Abolishing Continuations (and More?) at the USPTO

Cecil Quillen writes for Technological Innovation and Intellectual Property that

There is a strong and unresolvable inconsistency between a concern about patent quality at the USPTO and opposition to limiting or abolishing continuing applications. People concerned about “patent quality” should want the USPTO to be able to obtain final decisions as to the patentability of applications it has examined. But the USPTO will continue to be unable to obtain such final decisions so long as applicants (or their attorneys) can avoid final decisions by refiling their applications. Thus the “patent quality” problem will persist so long as the USPTO remains unable to obtain final decisions as to the patentability of applications it has examined, and can rid itself of persistent applicants only by allowing their applications.

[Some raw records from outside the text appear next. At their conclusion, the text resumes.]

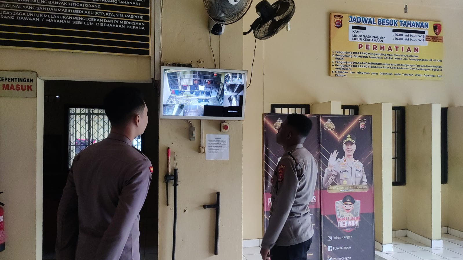 Personil Sat Tahti Cek Tahanan melalui CCTV yang ada di Rutan Polres Cilegon.
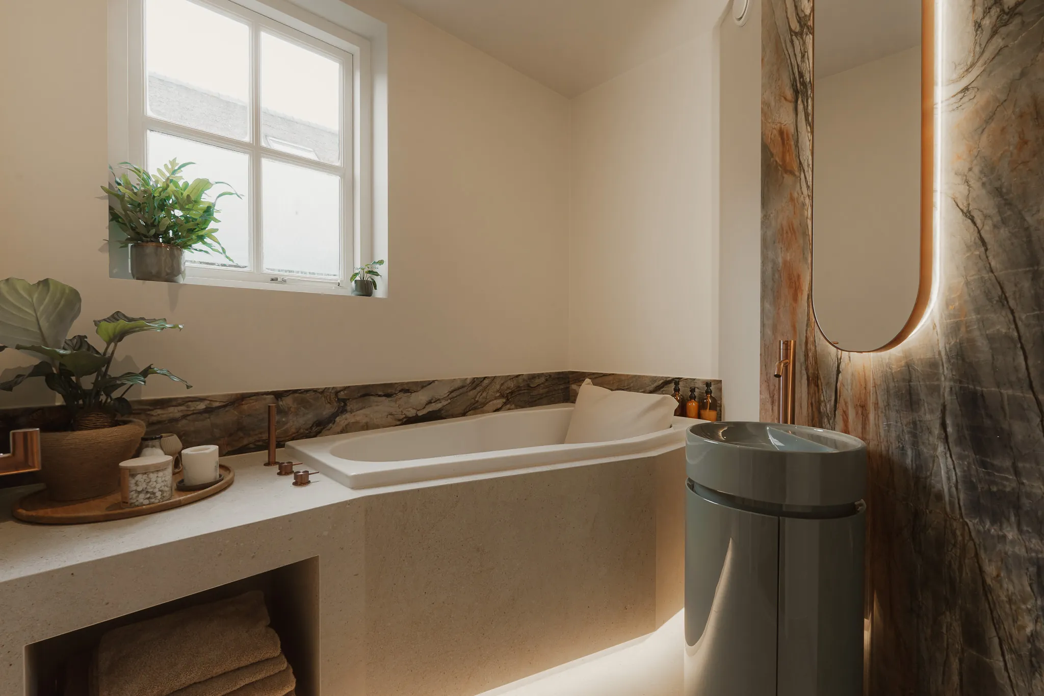 Een lichte en serene badkamer in Zegveld, waarin grootformaat tegelwerk en maatwerk natuursteen met indirecte verlichting samenkomen. Warm hout en geborsteld koperdetails geven het geheel een verfijnde, hotelachtige uitstraling.
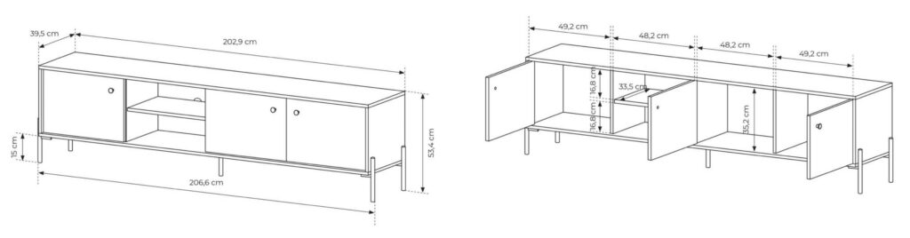 Le grand meuble télé NAVDI, mesurant 207 cm, allie fonctionnalité et style Japandi. Doté de trois portes et d’une double niche ouverte au centre, ce meuble offre un rangement spacieux pour vos équipements multimédias. La finition mélaminée aspect bois clair apporte une touche naturelle, tandis que les pieds et poignées métalliques noirs ajoutent une note contemporaine.
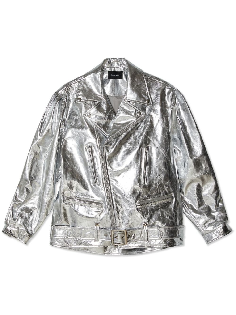 metallic leather biker jacket
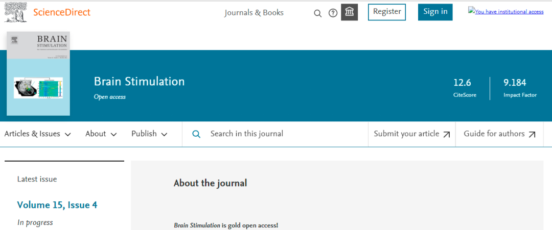 今天,我们来看看这本SCI期刊:Brain Stimulation。从现有的记录来看,Brain Stimulation 的2022年影响因子(JCR2021)是9.184,2021年影响因子8.955,2020年影响因子6.565。
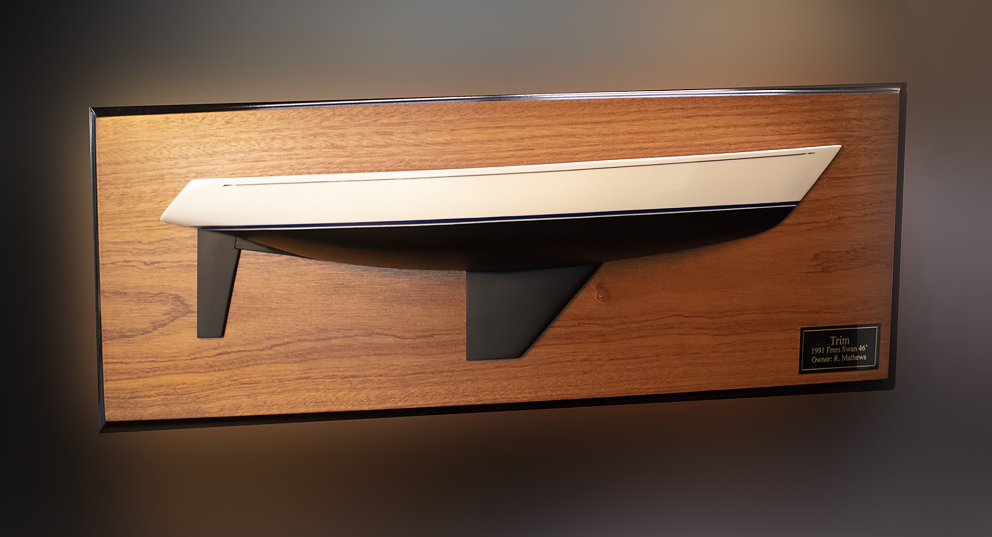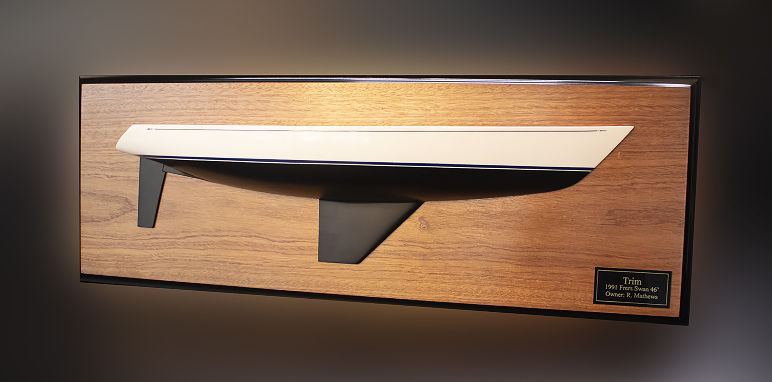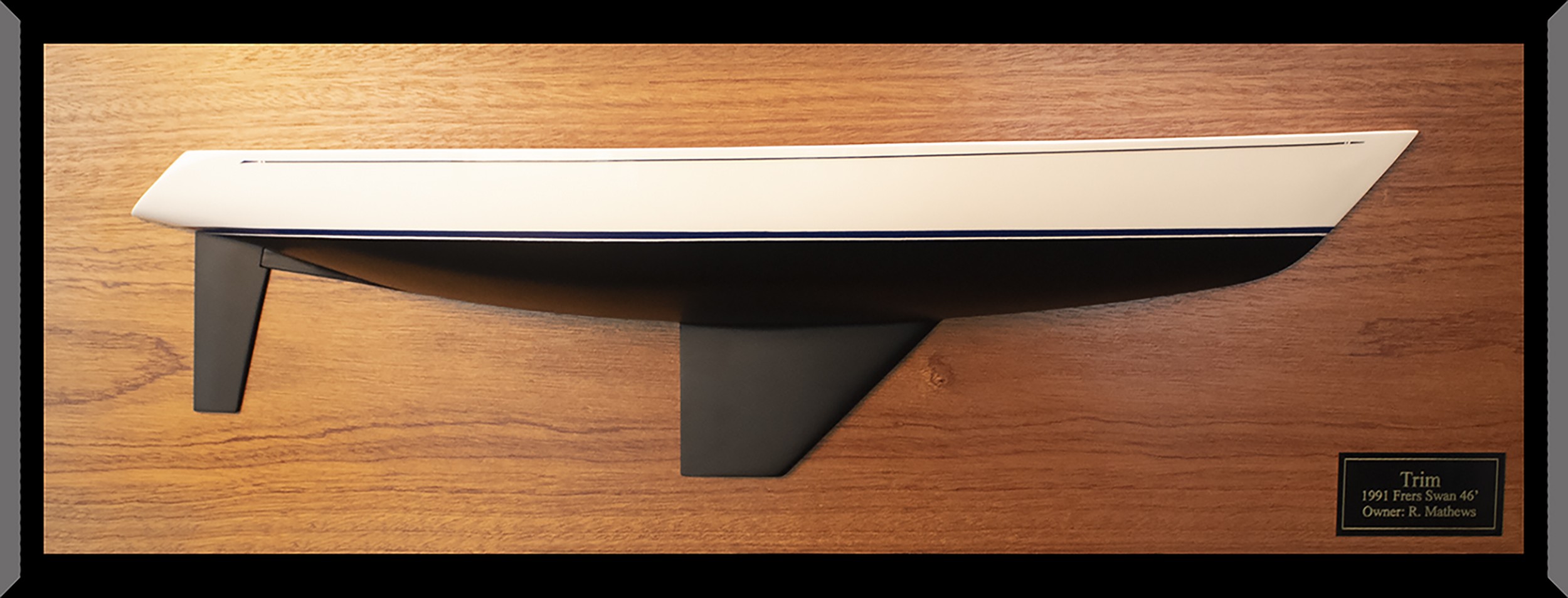 Admire this graceful custom half hull of the Nautor’s Swan 46 MKII ( 1991 Frers ) built upon request at scale 1/24 or 23 inches LOA.
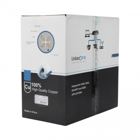 Bobina de cable de 305 metros Cat6+, CMR, CALIBRE 23 ALTO RENDIMIENTO, ETL,UL, color azul, super flexible, para aplicaciones de video vigilancia, video HD, y redes de datos. Uso interior.
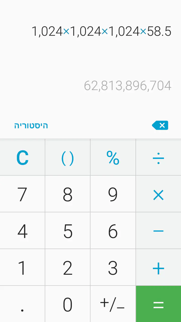 ש58.5 GB של מחשב, אינם שווים ל64 GB במשעמעות הקלאסית שג'יגה זה מיליארד
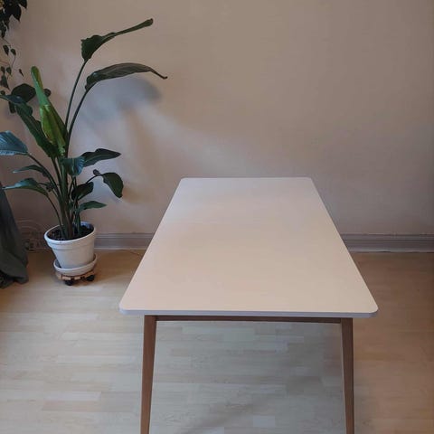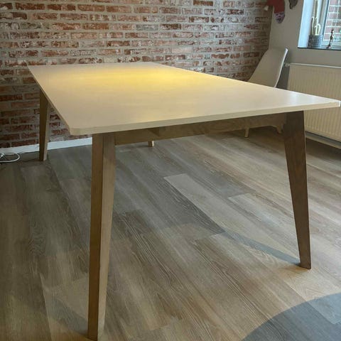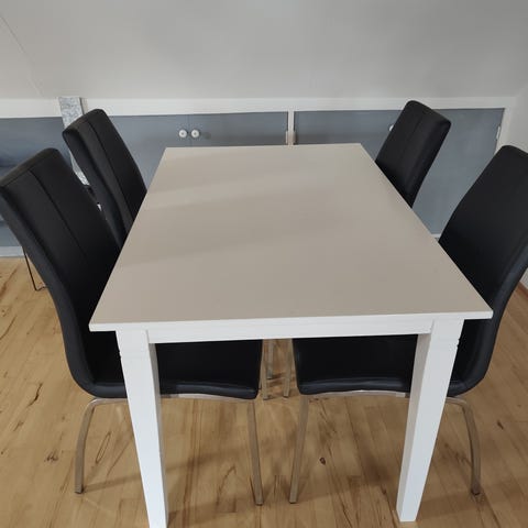 Fin hvid bord . Med egetræ ben og ramme under. 1 tillægsplade medfølger, på 45 cm så bordet kan blive 245 cm. Har et afslag i kanten som kan ses på det ene billede. 6 stk stole kan medfølge gratis der dog er ret slidte, hvis jeg ikke når at få kørt dem på lossepladsen inden. Stolene er hvide skal stole med egetræs ben. Befinder sig I 8300 odder
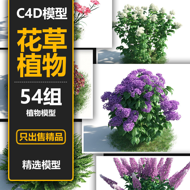 ISH008樹木花朵植物盆栽景觀植物花卉C4D模型3D三維素材含材質(zhì)庫
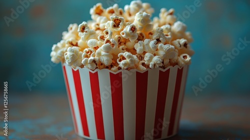 A close-up view of a striped popcorn bucket filled with fluffy popcorn against a textured blue background
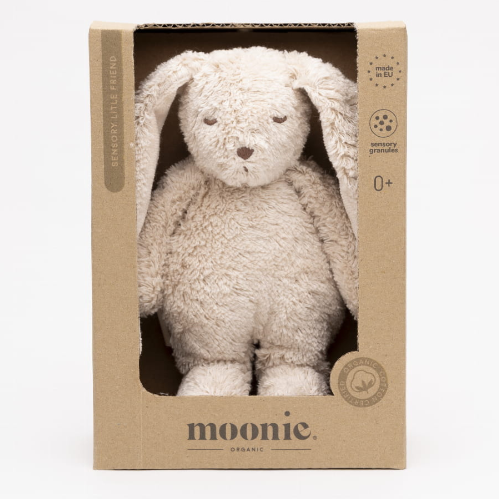 A Moonie szenzoros mackó tökéletes első társ a baba számára, hogy az első naptól kezdve támogassa a fejlődést.
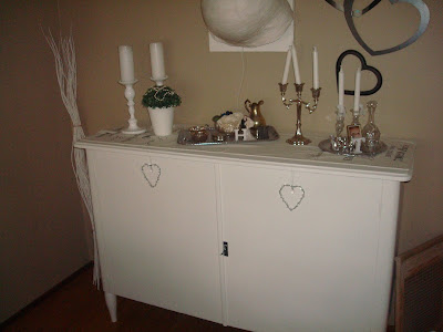 2 av hjärtana vi köpte på Inreda & Sånt blev fina på farmors skänk. Ska köpa fler också för snart är vår "nya" TV-bänk färdigmålad.
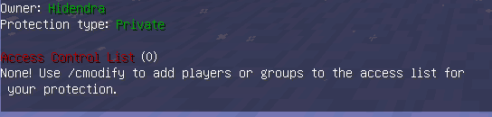 (Note: Towny users can grant access to town residents by prepending town: to the town name. example: /cprivate town:Smithtown )

Hopefully the USPTO will change direction, and, rather than persisting in a problematic lawsuit, will seek discrete legislation to abolish all continuing applications except for divisionals filed pursuant to a Sec. 121 Requirement for Restriction, as the
writer has proposed elsewhere. (see this) Such continuing applications comprised about 25% of the applications filed in 2006, whereas the proposed Rule would have affected only 2.7% of filed applications, and, thus, even if finally permitted, will have only a negligible effect.

Abolition would, in addition, increase USPTO resources available for the examination of original applications by about 1/3, without any increase in staff or budget, which should further enhance patent quality. And, of perhaps even greater importance, abolition would eliminate the abuses made possible by continuing applications that were identified by Professor Lemley and Judge Moore in their Boston University Law Review article (84 BU Law Review 63). Such discrete legislation to abolish continuing applications, uncoupled from the patent reform morass presently in the Congress, would enable (force?) the “patent crowd” to face their contradiction and decide whether to resolve the inconsistency in favor of patent quality (and innovation), or in favor of their own convenience.


But Cecil, why stop at continuations? Why not simply abolish the initial examination of patentability altogether, much like the UK Intellectual property Office has abolished relative grounds for refusal of trademark applications. Instead, let's focus our resources on the patents that really matter (say those under threat of enforcement) in a speedy inter-partes reexamination/opposition system (perhaps with the USPTO as a party representing "the public interest," similar to Section 337 investigations before the ITC) where those with greatest commercial interest in the technology will be highly motivated to conduct a complete patentability search and present the best legal arguments. Can we really afford a patent system where all (continuing) applications are treated equally?